In the end, the general would be replaced in the government of the islands,
thanks, among other things, to the efforts of some ecclesiastics, by Camilo
Garcia de Polavieja, who during the winter of 1896 to 1897 had to incarnate,
at last, the energetic action they wished and which was about to completely
contain the insurrection (43).

In that session of September 2, 1896, Carlist Zubizarreta recalled that in


the register made in the Philippine newspaper La Paz were letters from Don
Miguel Morayta, where he recommended reading them (44). On the third day
Vázquez de Mella brings to Congress an exhibition of Granadine Catholics
against Freemasonry (45). In June 1899, as we have already seen, after the
separation is complete, the accusations are intensified and the
traditionalist deputies try to reject the deputation in favor of Morayta.

They would come back to acquire really violent tones in the debate of January
and February of 1904 on the appointment of Fray Bernardino Nozaleda for the
miter of Valencia (46).

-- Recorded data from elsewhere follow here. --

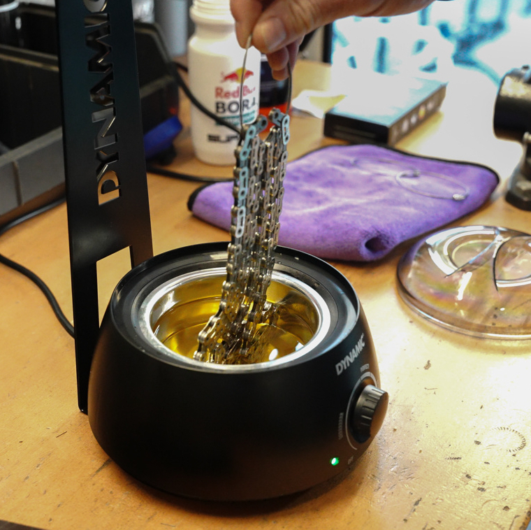 Dynamic Bike Care je holandský výrobca čističov, mazív a voskov a okrem Red Bullu dôverujú ich prostriedkom aj mechanici z tímov Alpecin-Deceuninck a FDJ–Suez. Skúsenosti z profi tímov ukazujú, že voskovanie reťaze je skvelý spôsob, ako predĺžiť životnosť pohonu, zvýšiť výkon a udržať bicykel čistý. Vďaka dostupnosti voskov a voskovacích staníc môžete horúci vosk na reťaz vyskúšať aj v domácich podmienkach. Aj keď počiatočná príprava môže byť náročnejšia, dlhodobé výhody a znížená frekvencia údržby za to stoja.
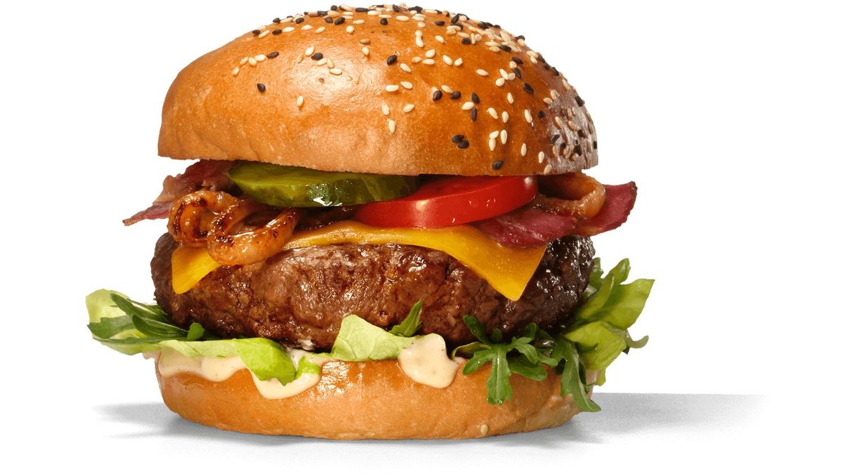 Carne Vita Black Angus, chifla artizanala cu seminte, bacon, sosuri , ceapa caramelizata, castraveti murati, salata - 420g
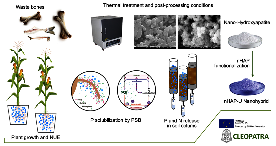 Il progetto CLEOPATRA (“Economia circolare e agricoltura sostenibile: idrossiapatite da rifiuti organici come nanofertilizzante intelligente”), finanziato dal bando MUR-PRIN 2022, riguarda il potenziale della nanoidrossiapatite derivata da rifiuti organici e dei suoi nanoibridi risultanti come nanofertilizzante intelligente.

There and then Maura read that report of the Command
of the Civil Guard veteran of Manila that concluded in 1896:

"It is well established that Freemasonry has been the main factor for the
main development in these islands, not only of advanced and antireligious
ideas, but mainly for the foundation of secret societies with essentially
separatist character." This conviction, added the informant - I acquired it
with the examination of the countless documents and correspondence found by
this Body, after impotent work and research, (...) (47).

He would be better acquainted with Maura himself in concluding on his part -


with the best example of his tormented oratory – that

"It was a universal testimony, or at least the most extensive and


authoritative testimony, that, in the end, whatever would have been the
intention, and saved the intention and the good will, the interference in the
Philippines of Freemasonry and The secret associations, and the habit of
gathering all together, and understanding by their own forms and solemnities
to impress the imagination of that race, had been at least the weapon with
which the heart of the Fatherland had been pierced (48)."